------ SUPPLIED ENTRIES ------

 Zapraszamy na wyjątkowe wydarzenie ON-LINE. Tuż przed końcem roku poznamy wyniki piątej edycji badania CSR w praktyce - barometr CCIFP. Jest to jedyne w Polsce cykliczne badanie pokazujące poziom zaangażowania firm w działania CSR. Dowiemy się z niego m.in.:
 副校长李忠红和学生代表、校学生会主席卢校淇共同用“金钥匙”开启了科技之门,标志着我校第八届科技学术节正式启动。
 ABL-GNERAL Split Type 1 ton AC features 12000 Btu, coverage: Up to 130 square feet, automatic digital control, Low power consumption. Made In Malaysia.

------
------ SUPPLIED ENTRIES ------

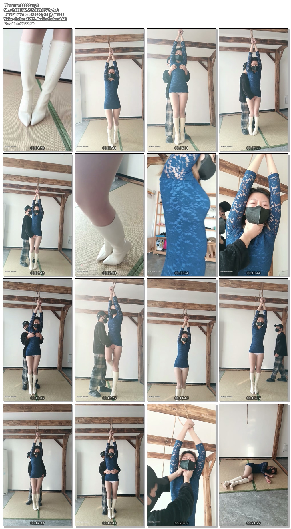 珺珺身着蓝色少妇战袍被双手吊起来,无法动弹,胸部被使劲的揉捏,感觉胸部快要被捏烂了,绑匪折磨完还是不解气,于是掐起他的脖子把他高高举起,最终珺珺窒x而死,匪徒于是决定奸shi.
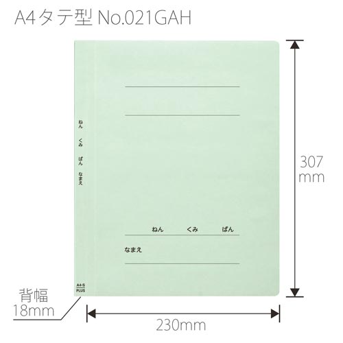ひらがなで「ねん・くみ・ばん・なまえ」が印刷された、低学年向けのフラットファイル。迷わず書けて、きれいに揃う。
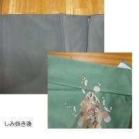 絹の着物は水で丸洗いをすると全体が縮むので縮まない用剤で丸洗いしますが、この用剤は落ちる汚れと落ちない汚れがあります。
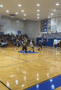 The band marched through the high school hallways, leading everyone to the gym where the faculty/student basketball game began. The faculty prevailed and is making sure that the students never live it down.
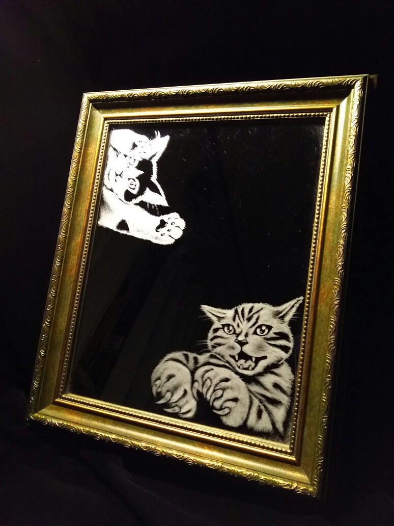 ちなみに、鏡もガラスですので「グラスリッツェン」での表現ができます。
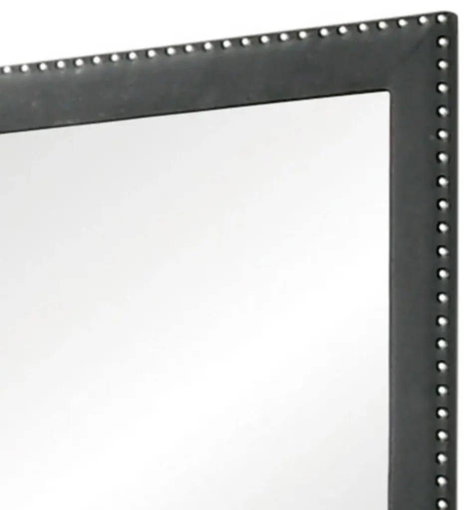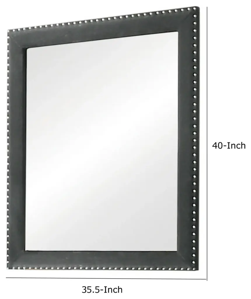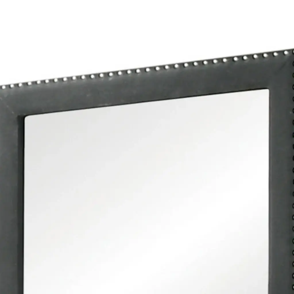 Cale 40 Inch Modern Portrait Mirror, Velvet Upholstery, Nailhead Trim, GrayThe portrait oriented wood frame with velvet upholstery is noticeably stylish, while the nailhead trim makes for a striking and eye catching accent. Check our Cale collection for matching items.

------

TASK DESCRIPTION: Above are some records; extract exactly the lines from the one containing "The band marched" through the one containing "ちなみに、鏡もガラスですので「グラスリッツェン」での表現ができます。" and drop the pictures.

RESPONSE BOX:
 The band marched through the high school hallways, leading everyone to the gym where the faculty/student basketball game began. The faculty prevailed and is making sure that the students never live it down.
 ちなみに、鏡もガラスですので「グラスリッツェン」での表現ができます。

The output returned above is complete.